Frequently Asked Questions

What is the IUPAC name of (3R)-2,6-dimethylocta-1,5,7-trien-3-ol?
The IUPAC name of (3R)-2,6-dimethylocta-1,5,7-trien-3-ol (CID 162867192) is (3R)-2,6-dimethylocta-1,5,7-trien-3-ol.
What is the SMILES notation for (3R)-2,6-dimethylocta-1,5,7-trien-3-ol?
The canonical SMILES for (3R)-2,6-dimethylocta-1,5,7-trien-3-ol is C=CC(C)=CC[C@@H](O)C(=C)C.
What is the InChIKey of (3R)-2,6-dimethylocta-1,5,7-trien-3-ol?

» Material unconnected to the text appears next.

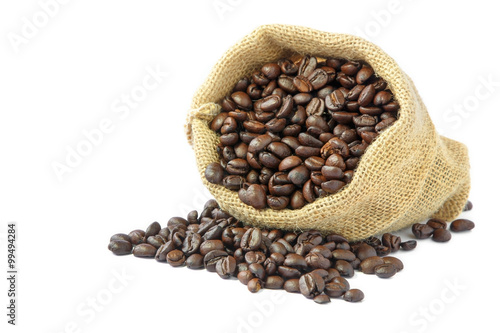 Roasted coffee beans in burlap sack on white background.

The InChIKey is TYDDWHVJHGIJCW-SNVBAGLBSA-N. The full InChI is InChI=1S/C10H16O/c1-5-9(4)6-7-10(11)8(2)3/h5-6,10-11H,1-2,7H2,3-4H3/t10-/m1/s1.
What are the key properties of (3R)-2,6-dimethylocta-1,5,7-trien-3-ol?
(3R)-2,6-dimethylocta-1,5,7-trien-3-ol has a molecular weight of 152.24 g/mol, XLogP of 2.45, 4 rotatable bonds, 1 hydrogen bond donors, and 1 hydrogen bond acceptors.
Where does this data come from?
All data for (3R)-2,6-dimethylocta-1,5,7-trien-3-ol is sourced from PubChem (CID 162867192), the world's largest open chemistry database maintained by the National Library of Medicine (NIH).